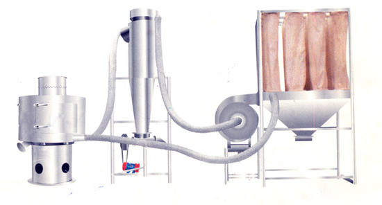 氣流篩分機擯棄重力勢能作業(yè)原理,采用空氣作載體、動能做功的作業(yè)原理,通過負壓氣流將物料與空氣混合后,進入篩機風輪中間,通過風輪葉片施加足夠的離心力,向桶型篩網(wǎng)噴射過網(wǎng),經(jīng)過蝸殼收集,超徑物料不能過網(wǎng),由自動排渣口排出,從而達到快速篩分之目的。微細粉物料經(jīng)進料斗流入進料斗口,立即擴散并與空氣混合成霧狀,經(jīng)風輪的作用,呈旋風狀噴射過網(wǎng),在引風機的作用下,氣體與細粉全部進入沉降室,成品細粉沉降后由下部排出,帶有少量粉塵的氣體進入除塵布袋,經(jīng)凈化后排出袋外。
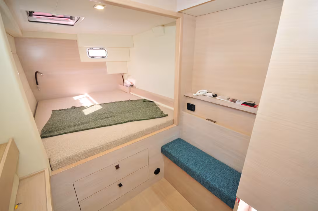 Le style Urban Chic moderne s’est aujourd’hui imposé à bord de la quasi-totalité de la production de multicoques ; il s’agit d’un agréable compromis entre design tendance, ergonomie consensuelle et matériaux contemporains. L’exécution de ce concept incontournable par C-Catamarans est irréprochable. Sans bousculer les codes, le chantier de Fiumiccino apporte une griffe italienne séduisante, réhaussée par une qualité de fabrication remarquable. La philosophie du constructeur est ouverte à la personnalisation, il est donc possible pour le futur propriétaire de participer activement à la réalisation de « son » catamaran. Notre exemplaire d’essai propose par exemple un choix d’essences très claires et des vaigrages soignés et superbes. Le plan de travail de la cuisine en U est en Corian vert foncé, tranchant avec goût avec une magnifique sellerie bleue maison – bravo ! Très équipé en vue d’un programme exigeant de vie à bord, notre prototype est un peu plus lourd que les exemplaires à suivre (air conditionné, chauffage, générateur…). Le chantier affirme aussi pouvoir gagner plus de 800 kg sur les futures platesformes. Cette version propriétaire est bien plus que convaincante, nous avons particulièrement apprécié le traitement de la lumière, l’accessibilité intérieure-extérieure de la cuisine et la qualité générale de fabrication.
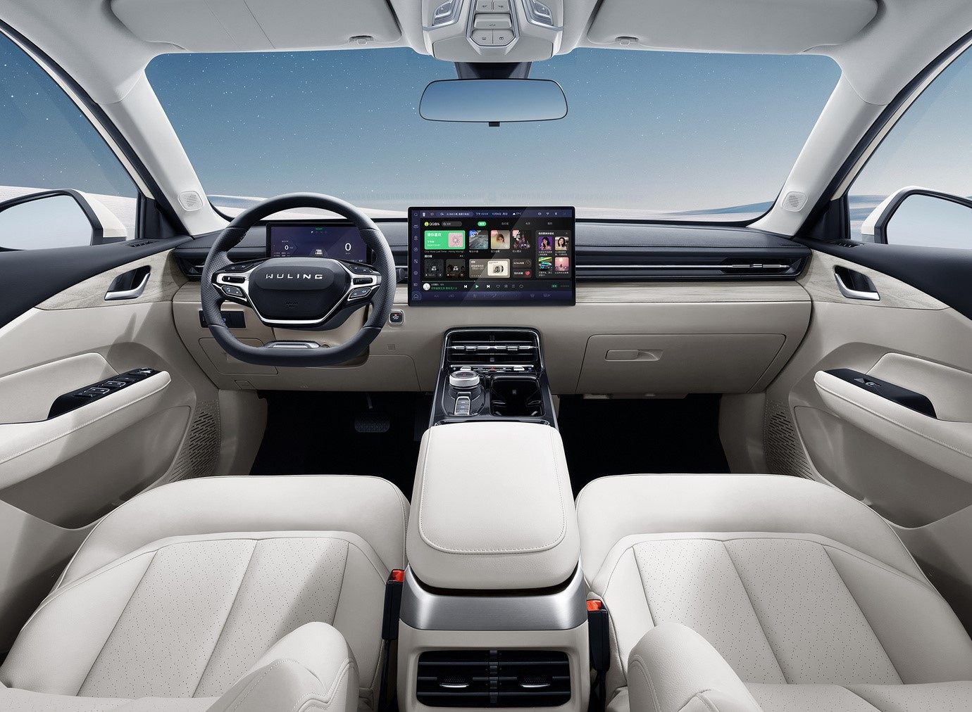 内饰方面,五菱星光的设计布局仍十分素雅简洁,其配备有8.8英寸数字LED屏、15.6英寸中央触控显示屏两块大尺寸悬浮式屏幕、双辐式多功能方向盘以及旋钮式换挡,配合上许多的亮色装饰件,观感还算尚可。
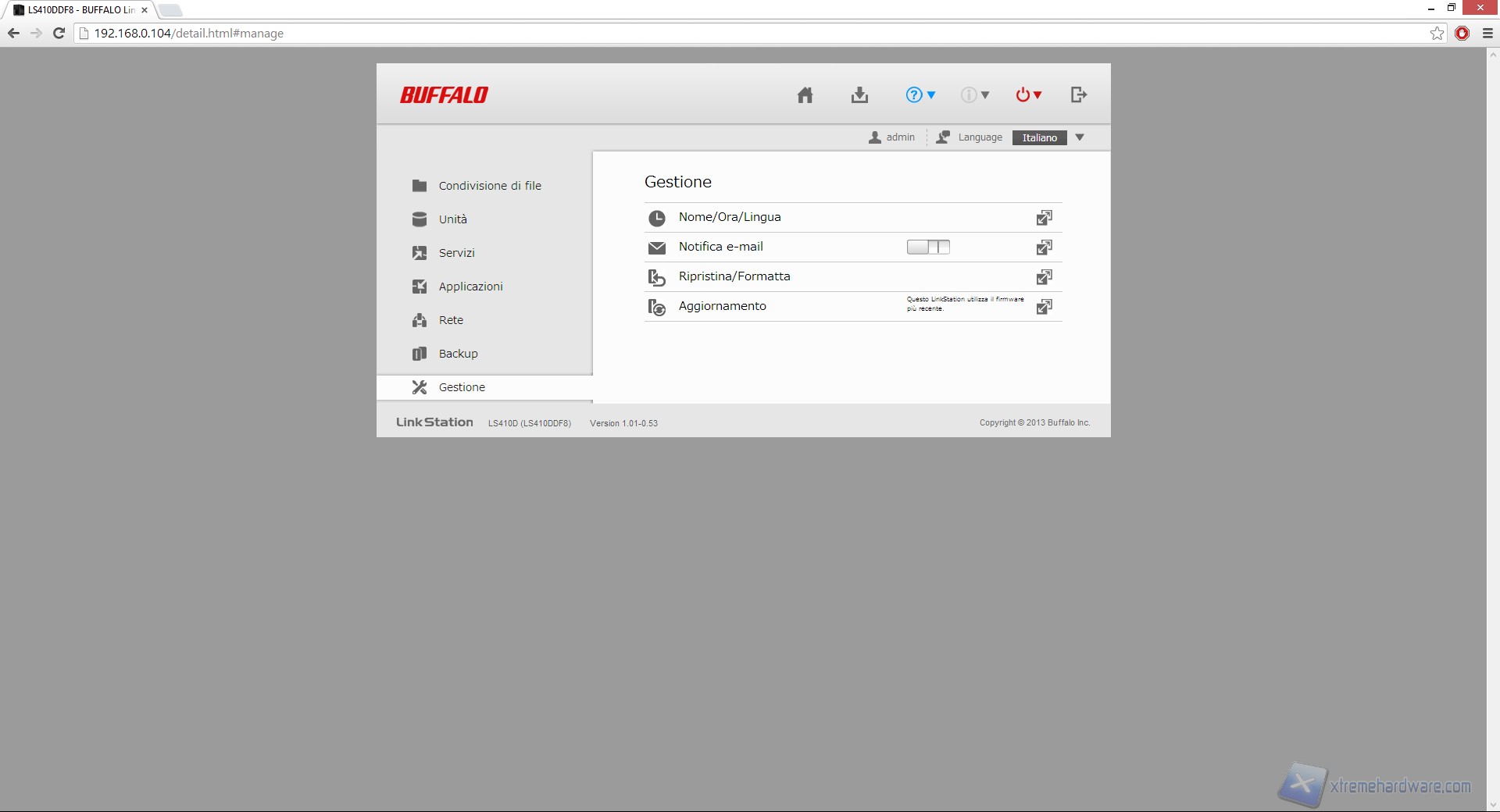 Infine la sezione "Gestione" ci consente di modificare ed impostare parametri come l'ora, la lingua di sistema, le notifiche email oltre che permetterci di reimpostare le impostazioni di fabbrica del prodotto ed aggiornarlo.

+--

Your goal.
Copy the material above exactly and drop the pictures.

Task output.
 氣流篩分機擯棄重力勢能作業(yè)原理,采用空氣作載體、動能做功的作業(yè)原理,通過負壓氣流將物料與空氣混合后,進入篩機風輪中間,通過風輪葉片施加足夠的離心力,向桶型篩網(wǎng)噴射過網(wǎng),經(jīng)過蝸殼收集,超徑物料不能過網(wǎng),由自動排渣口排出,從而達到快速篩分之目的。微細粉物料經(jīng)進料斗流入進料斗口,立即擴散并與空氣混合成霧狀,經(jīng)風輪的作用,呈旋風狀噴射過網(wǎng),在引風機的作用下,氣體與細粉全部進入沉降室,成品細粉沉降后由下部排出,帶有少量粉塵的氣體進入除塵布袋,經(jīng)凈化后排出袋外。
 Le style Urban Chic moderne s’est aujourd’hui imposé à bord de la quasi-totalité de la production de multicoques ; il s’agit d’un agréable compromis entre design tendance, ergonomie consensuelle et matériaux contemporains. L’exécution de ce concept incontournable par C-Catamarans est irréprochable. Sans bousculer les codes, le chantier de Fiumiccino apporte une griffe italienne séduisante, réhaussée par une qualité de fabrication remarquable. La philosophie du constructeur est ouverte à la personnalisation, il est donc possible pour le futur propriétaire de participer activement à la réalisation de « son » catamaran. Notre exemplaire d’essai propose par exemple un choix d’essences très claires et des vaigrages soignés et superbes. Le plan de travail de la cuisine en U est en Corian vert foncé, tranchant avec goût avec une magnifique sellerie bleue maison – bravo ! Très équipé en vue d’un programme exigeant de vie à bord, notre prototype est un peu plus lourd que les exemplaires à suivre (air conditionné, chauffage, générateur…). Le chantier affirme aussi pouvoir gagner plus de 800 kg sur les futures platesformes. Cette version propriétaire est bien plus que convaincante, nous avons particulièrement apprécié le traitement de la lumière, l’accessibilité intérieure-extérieure de la cuisine et la qualité générale de fabrication.
 内饰方面,五菱星光的设计布局仍十分素雅简洁,其配备有8.8英寸数字LED屏、15.6英寸中央触控显示屏两块大尺寸悬浮式屏幕、双辐式多功能方向盘以及旋钮式换挡,配合上许多的亮色装饰件,观感还算尚可。
 Infine la sezione "Gestione" ci consente di modificare ed impostare parametri come l'ora, la lingua di sistema, le notifiche email oltre che permetterci di reimpostare le impostazioni di fabbrica del prodotto ed aggiornarlo.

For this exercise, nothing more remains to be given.